Let me tell you, I was NOT excited about this! First of all, all of this work could end in a big fat nothing, if my brain wouldn’t be able to adapt. Second, I felt like I looked like a robot, and looking through the prism for the first couple of weeks was really hard. My mom was with me at this appointment, and afterward, we went and got Starbucks and sat in the massage chairs at Bed, Bath, and Beyond for an hour and cried. I can look back on this moment now and laugh about it, but I was not happy then.
But the wing 3 of my 2 personality (comment below with your Enneagram number! I love talking about it!) wanted to do this 110%. I wore that thing all day long. Even when I felt self-conscious. Even when I wanted to pull it off. Even when I couldn’t see very well. And…it got better! My vision adapted, and by the end, I could see pretty well out of it. I knew that surgery was not a sure 100% win, but I felt God saying, “Do you trust me?”
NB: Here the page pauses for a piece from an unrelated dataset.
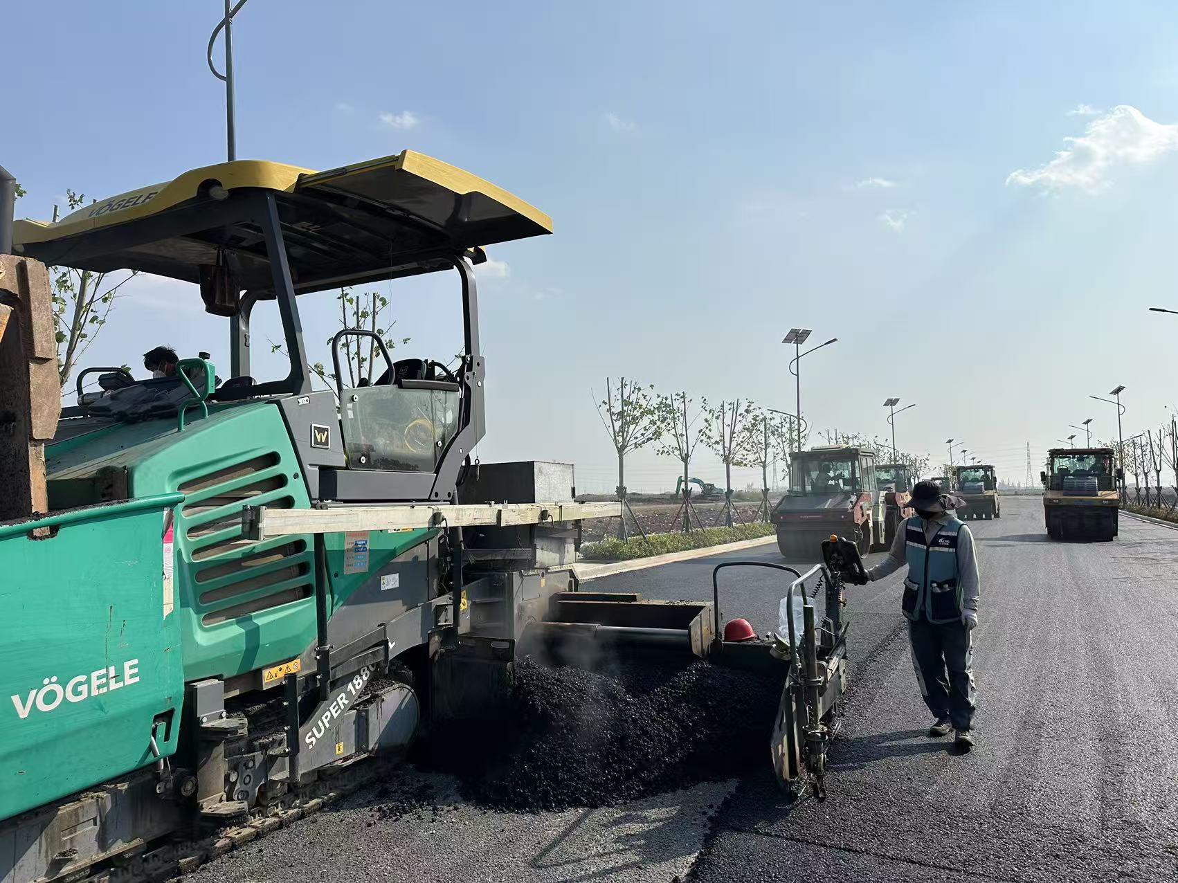 沥青摊铺现场:与高温“共舞”,铺就畅行之路。清晨,城市还未完全苏醒,上合物流园圩河东路路段的沥青施工现场已热气蒸腾。摊铺机缓缓前行,将160℃的沥青混凝土均匀摊铺,压路机来回穿梭压实路面,热浪裹挟着刺鼻的沥青气味扑面而来。沥青摊铺对温度要求极高,必须在140℃以上完成碾压,否则密实度就不达标。施工现场负责人王洁手持温度检测仪,紧盯摊铺温度。“虽然错过假期陪伴家人,但看到道路一天天成型,再苦再累也值得!”质检人员同步跟进,用专业设备检测平整度、厚度等指标,确保每一寸路面都达到设计标准。

The Hardest Part of the Climb
So, five weeks later, I went into surgery. It was scary, but I knew that God had led me to this at this time. I knew that I could end up with double-vision for months. But I trusted that my Healer would work through the doctors’ hands. And, HE DID.
The Summit
Recovery wasn’t easy at first. My eye was swollen shut for a good week. And then, almost two weeks in, I had this crazy pain on the outside of my eye one morning…I couldn’t even open it. It turned out to be a suture that got loose. But it allowed me to go in to see my doctor a couple days early for my two-week post-op. I got to tell him that, less than TWO WEEKS after having this surgery, I had almost NO double vision. WHAAATTTT. And, friend, can I tell you, it was SUCH a testament to God’s divine healing power. My doctor, who we had never in 20+ years of seeing him mention anything about God, said, “Hallelujah! Praise God!” when I told him! He was expecting months of double-vision, if not a lifetime of it.
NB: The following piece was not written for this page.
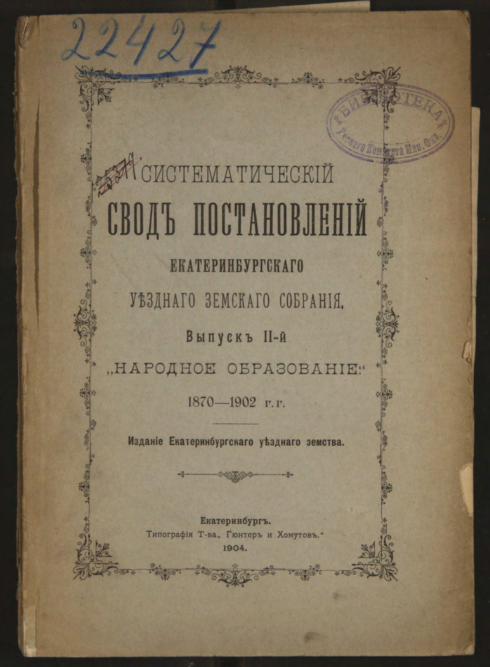 Систематический свод постановлений Екатеринбургского уездного земского собрания. Вып. 2
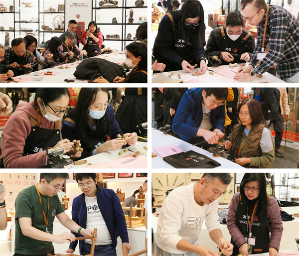 此行教師們不僅停留在了解紅木家具的精湛工藝外,還親身參與到木作DIY體驗(yàn)中,深刻體會(huì)到了非遺文化的魅力所在。

And, things continued to heal just as expected, if not better. I haven’t had double-vision since February, and my eye is still where it should be. God is SO good and gets ALL the glory!!! Sometimes God heals in a moment, other times it takes years. Sometimes it’s through a touch, other’s it’s through the meticulous hands of a doctor. Friend, if you are waiting for your miracle, know this: IT’S COMING.
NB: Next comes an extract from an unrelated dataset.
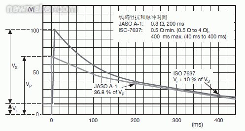 兩個熟知的試驗模擬了這個條件:針對14V動力總成的美國ISO-7637-2 Pulse 5和日本JASO A-1和針對27V動力總成的JASO D-1。在本節中,我們將回顧在14V動力總成中用於甩負荷的TVS應用。

If you couldn’t tell, this journey to the summit of this mountain was HARDDD. Probably as hard as climbing Mount Kilimanjaro…in a lot longer time! In the moments of confusion, the unknown, and sadness, I didn’t know why I had to climb the mountain this way. I wondered why there had been so many roadblocks and obstacles to find a way around. There were times when I was unsure that I could reach the summit. But, this trek sure did strengthen my trust and relationship with my Father. And, although I have faith that my eye won’t have any further complications, I know that there’s a possibility of Him calling me to a higher peak.
We only see a tiny speck of the big picture- what’s right in front of us. It looks like rocks and dirt and sky. God gives us a small task and says, “Trust me.” And when we do our part and keep on holding His hand and take those baby steps one-foot-in-front-of-the-other, He does His and moves mountains. I believe that my testimony of His miraculous healing power and goodness isn’t just for me, it’s for my doctor and so many others too.
Anna Mo says
Such a beautiful story! You deserve the best, Allie!
Allie @ The Gypsy Teacher says
Thank you so much, Anna! I appreciate you!!
Storie says
Thank you for sharing your story, Allie!